The Great Khan Game
- Front cover of The Great Khan Game boxed set
- Genre: Role-playing game
- Publisher: TSR, Inc.
- Media type: Boxed set

= The Great Khan Game =

Board game by TSR

The Great Khan Game is a fantasy board game that was published by TSR, Inc in 1989.

==Overview==
The Great Khan Game is a game about acquiring countries, by gathering the various rulers and important people of the lands.

This card-and-board game humorously presents the epic sweep of politics, trade, and warfare, among budding fantasy empires. Peoples and rabble join with heroes and leaders to form nations intent on the economic, political, and military conquest of the known world.

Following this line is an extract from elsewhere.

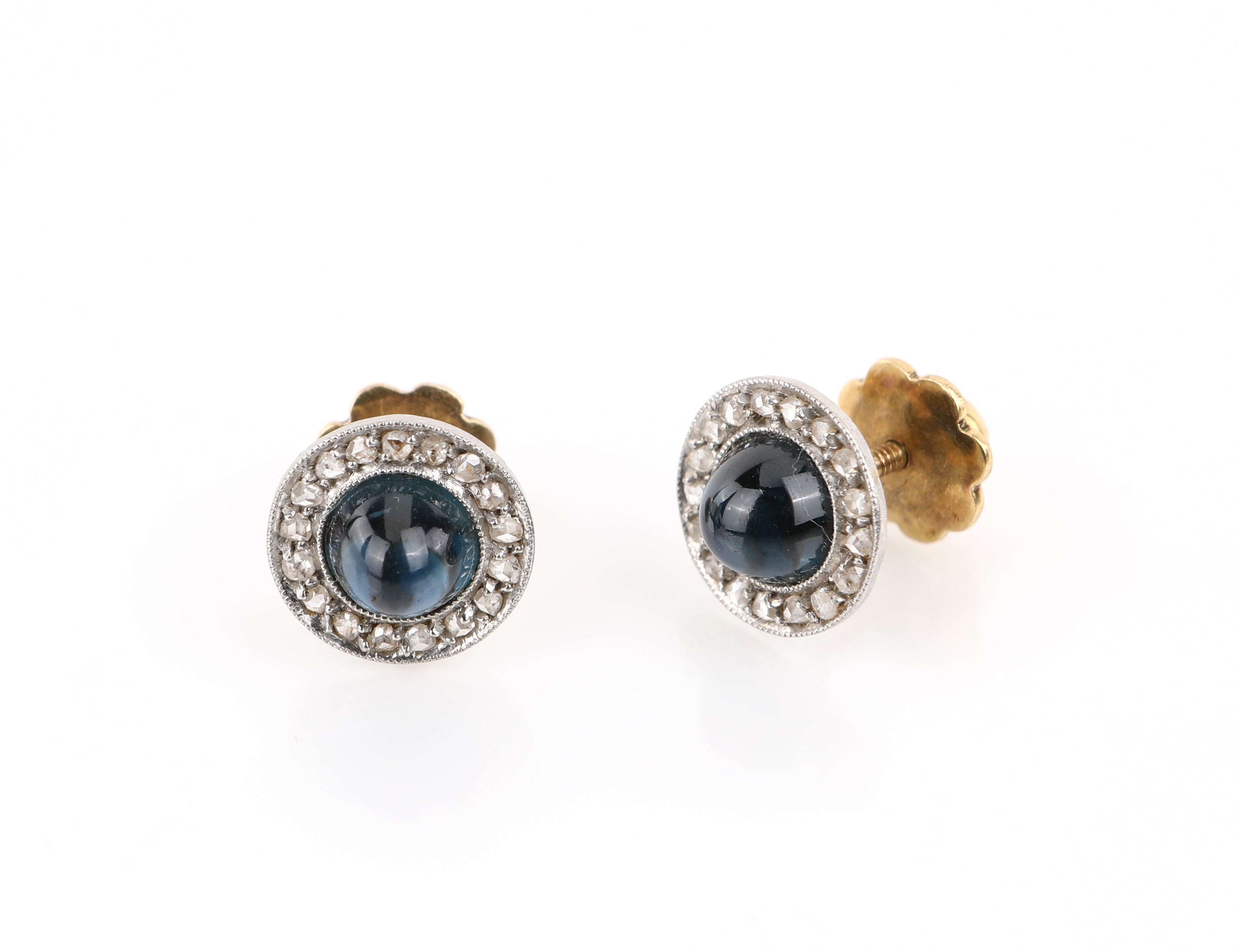 Orecchini decò a lobo in oro, platino, zaffiro e diamanti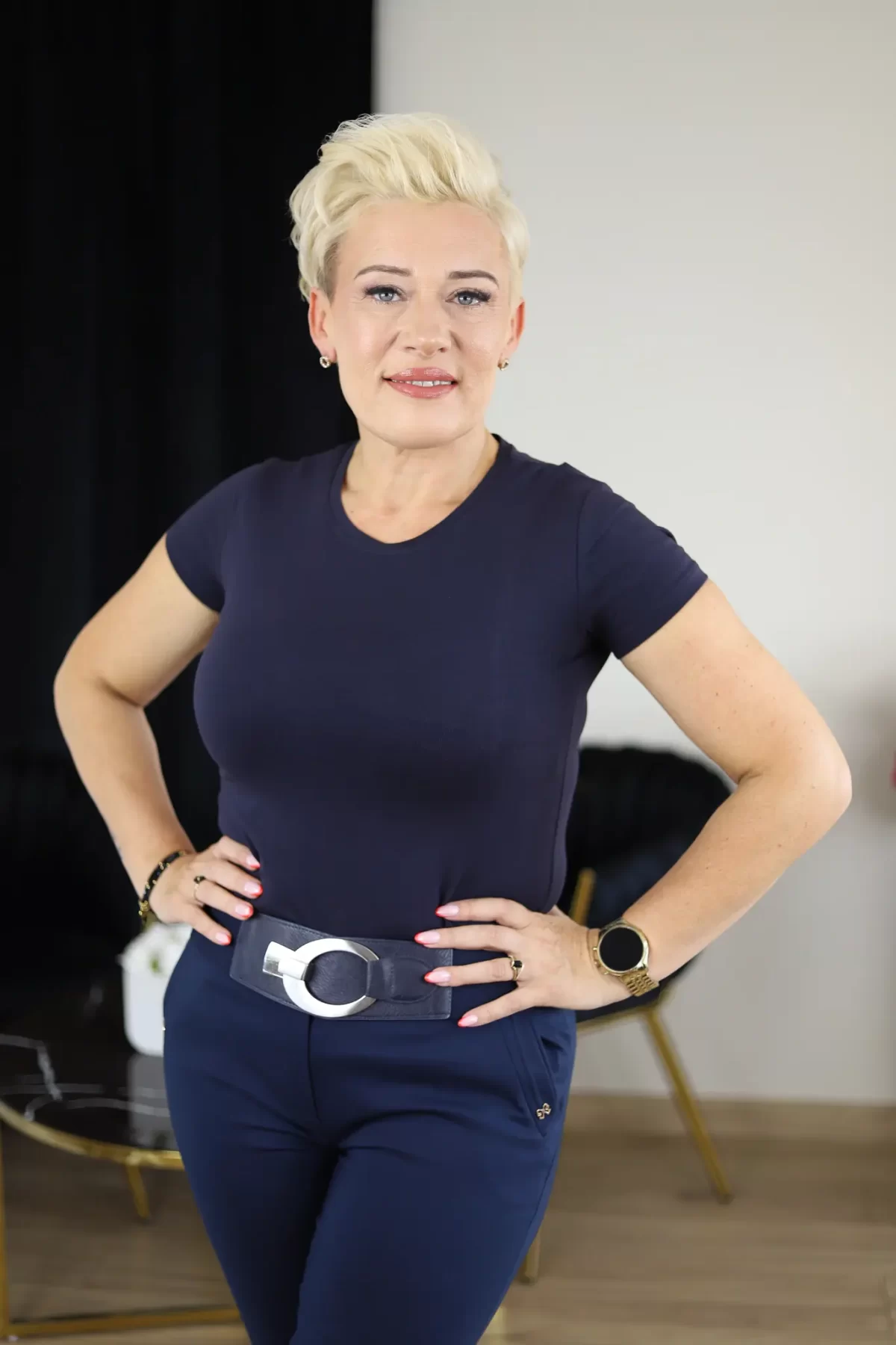 Bluzka o klasycznym kroju z dekoltem półokrągłym i krótkimi rękawami, idealnie dopasowująca się do sylwetki. Jej minimalistyczny design sprawia, że jest wszechstronnym elementem garderoby, doskonale sprawdzającym się zarówno w eleganckich, jak i casualowych stylizacjach. Wygodny materiał zapewnia komfort noszenia przez cały dzień, a prosty fason podkreśla subtelną elegancję.

The game is described in the sourcebook Forgotten Realms Adventures: "This is a whimsical board/card game of conquest and intrigue set in the Whamite Isles, several tiny specks of land in the Sea of Fallen Stars. Players try to direct the fortunes of nations to amass the most power before the Historian draws events to a close."

==Gameplay==
Players gather melds (groups of cards representing leaders and peoples), into rich and powerful nations that vie for control of territories on a map. To win, a player must control the most territory and have the richest treasury at the end of the game. The game offers various ways to gain gold (trade with and conquest of other nations, for example) and to gain control of nations and territory, usually by war (battles between melds of cards representing nations) and political coups (in which a nation changes hands when a competitor plays a more powerful meld than the existing meld representing a given country). As players draw cards each turn, new leaders and peoples come into play and event cards signal disasters (assassins, rare diseases, earthquakes, and peasant revolts) and windfalls (trade caravans, fleets, and philanthropists) for the competing nations.

==Contents==
The Great Khan Game is a folio boxed game with a 32-page rulebook, a game map, 162 playing cards and counters.

==Publication history==
The game was designed and illustrated by Tom Wham with Richard Hamblen; the game map and playing cards were designed by Jeff Dee and Amanda Dee.

==Reception==
In the July 1989 edition of Games International (Issue 7), James Wallis was a bit put off by the price, which was significantly more than TSR's previously published Tom Wham game, Mertwig's Maze. He found that The Great Khan Game was based on "a very simple and playable idea," but he felt that the basic idea had been lost because "the designers seem to have wanted to expand it into a wargame." He called the complex combat system with its numerous variables "a daft idea," and felt there were "other unnecessary twiddly bits which obstruct the game rather than adding to it." Wallis concluded by giving the game a below-average rating of 2 out of 5, saying "The Great Khan Game is [...] playable and perhaps enjoyable, but without question has a number of complex and unnecessary elements [...] By all means buy [it], especially if you're willing to do some work to unearth the good game that lies beneath, but as it stands, I cannot recommend it."

In the April 1991 edition of Dragon (Issue 168), Ken Rolston noted the game's "goofy, cheerful tone and play style" with "Vividly characterized fantasy peoples and rabble", noting that the game "neatly combines epic scale and mock-epic tone in simultaneously exploiting and parodying the most distinctive excesses of the grand-fantasy genre setting". He said the game "boasts Tom Wham's light touch, simple and readable rules, and a vivid, imaginative fantasy setting focusing on the personalities, virtues, and foibles of various creatures, heroes, and stooges". Rolston considered the game's artwork "spartan and modest", and called the illustrations "cute, lovable, and perfectly in keeping with the tone of the game". He noted that game "is sold unblushingly as an Advanced Dungeons & Dragons Forgotten Realms product, despite no discernible relationship to the AD&D game or the Realms. This lapse in marketing taste is excusable only because anyone who looks at the game box can tell immediately that its tone and style have nothing to do with either the Realms or the FRPG." Although he was confused by the rules from time to time, he found it to be "well play-tested", indicated by the thoughtful remarks on play within the rules. Rolston added, "the informal tone and style of rules writing invites you not to take the rules too seriously. Only someone who misunderstood the intent of a Tom Wham game could get involved in a rules squabble." He concluded the review by saying: "The Great Khan Game is a pleasant, light-hearted fantasy game with an excellent flavor and an enjoyable, pleasing play style. Its competitive, diplomatic elements are nicely balanced by a mock-epic tone, and the epic conflicts of fantasy kingdoms play out like a grand, profoundly cheesy fantasy novel."